# Direct TV HD intermittent signal loss



## HD213 (Mar 27, 2008)

Hello all, been with Direct TV for over 10 years because cable kept going out. I have a H20-600 and started loose the signal on some HD channels starting with pixalization and then a black screen for over a year now. If you switch to the low defination channel and come back to HD channel after a few minutes it comes back . Last year they told me I needed a service call to troubleshoot the problem and I would be charged. I said forget about it and lived with the problem hoping it would go away. Since it has gotten worse and over the phone last week Direct TV says my signal strength is OK and sent me a new H20 FREE , but I have to commit to a 2 year contract. OK if it solves the problem
First H20 received a few days ago was a reconditioned H20-100 manufactured 08/06 with no B-Band converter in the box. I called and complained about the reconditioned equipment and missing parts .They said they do not know what is being shipped from their wearhouse, bullsh... I sent it back and requested a H21. Received another reconditioned unit H20-100. It's going back tomorrow. What a scam. I guess I 'm just venting but I am not installing a box that is reconditioned. 
Did anyone have this problem and any advice on troubeshooting, etc.


----------



## say-what (Dec 14, 2006)

Replacement boxes are all reconditioned boxes - particularly if they're being sent for free to replace a box that is more than a few weeks old.


----------



## Bsquared (Sep 13, 2007)

I am not sure why it would matter if you have a reconditioned unit if it works, and it was free.

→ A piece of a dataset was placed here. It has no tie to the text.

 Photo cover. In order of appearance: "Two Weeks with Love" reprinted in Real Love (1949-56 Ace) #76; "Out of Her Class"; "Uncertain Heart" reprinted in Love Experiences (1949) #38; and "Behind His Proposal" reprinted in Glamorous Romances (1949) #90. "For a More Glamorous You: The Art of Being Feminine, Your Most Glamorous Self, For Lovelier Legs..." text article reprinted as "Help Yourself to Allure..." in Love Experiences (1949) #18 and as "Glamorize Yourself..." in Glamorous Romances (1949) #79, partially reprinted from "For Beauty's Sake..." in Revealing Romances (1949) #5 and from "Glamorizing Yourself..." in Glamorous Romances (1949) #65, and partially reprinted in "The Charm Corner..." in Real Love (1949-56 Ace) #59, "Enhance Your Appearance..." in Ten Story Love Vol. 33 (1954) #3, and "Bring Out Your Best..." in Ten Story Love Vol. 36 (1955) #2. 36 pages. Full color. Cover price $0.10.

I have two H20's and have not had any issues like you describe.


----------



## CCarncross (Jul 19, 2005)

If you want a new box then you'll have to pay for it...


----------



## gfrang (Aug 30, 2007)

I have a h20-600 whit the same problem it is only on the mpeg 2 HD channels.
It was in the living room i called and they replaced with a hr20-100 and left
the h20. later i moved it to the bedroom and had it activated. Mine has no problem
with SD or new HD mpeg 4. it is good enough for the bedroom and it has a really
nice ota tuner.


----------



## harsh (Jun 15, 2003)

HD213 said:


> Last year they told me I needed a service call to troubleshoot the problem and I would be charged.


You're going to wish you hadn't suffered for all that time. You will almost certainly need a service call to tinker with the aiming of your dish. Problems like that are not fixed with different receivers and the chances that the problem will permanently correct itself vanishingly small.

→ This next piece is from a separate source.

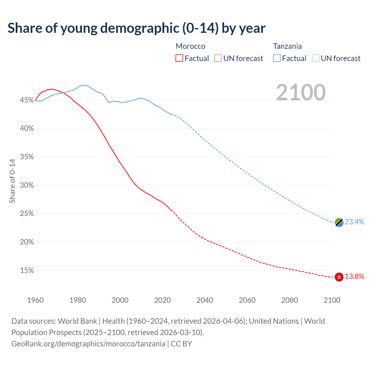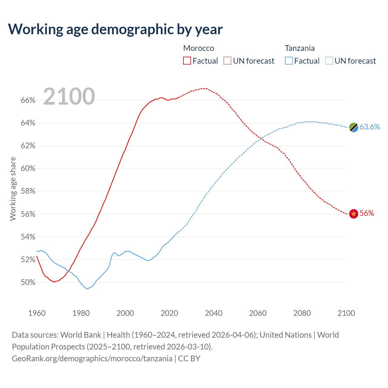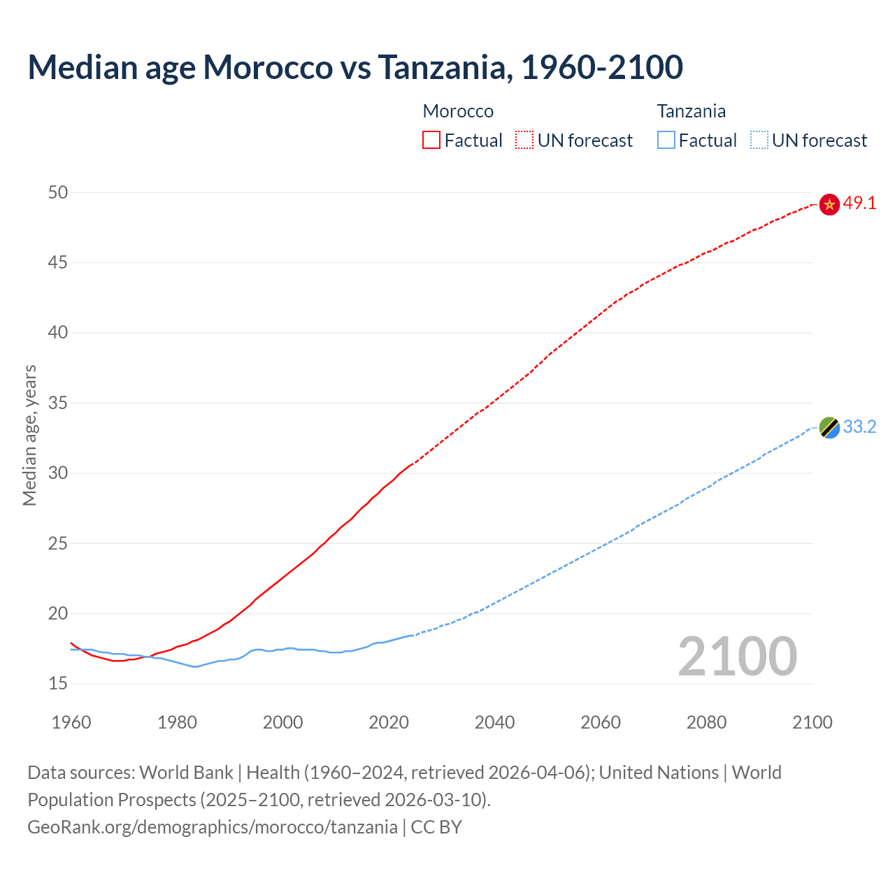 Median age Morocco vs Tanzania, 1960-2100

Welcome to the world of Ka band TV.


----------



## K4SMX (May 19, 2007)

HD213 said:


> .....Direct TV says my signal strength is OK and sent me a new H20 FREE .....


Why don't you post what your signals are transponder-by-transponder on 103(c), and we'll make sure that's correct?

Have you considered that your problems with the -600 may be heat-related? What happens after it's been totally unplugged until room temperature and re-started?

Have you already sent back the original H20-600?

If you want a new H21, the only way to get one is to buy it yourself. Costco, Best Buy, etc. There's two Costco's in the Newark area, if you're a member....


----------



## eakes (Sep 22, 2007)

There is no guarantee that a new box will work better than a reconditioned one. As a matter of fact I would rather have the reconditioned one since 'infant mortality' failing parts will have been replaced.

Last year I bought a new H20. It failed within 5 days - video would freeze but audio continued to track the program. Direct replaced it with a reconditioned unit and have had no problems.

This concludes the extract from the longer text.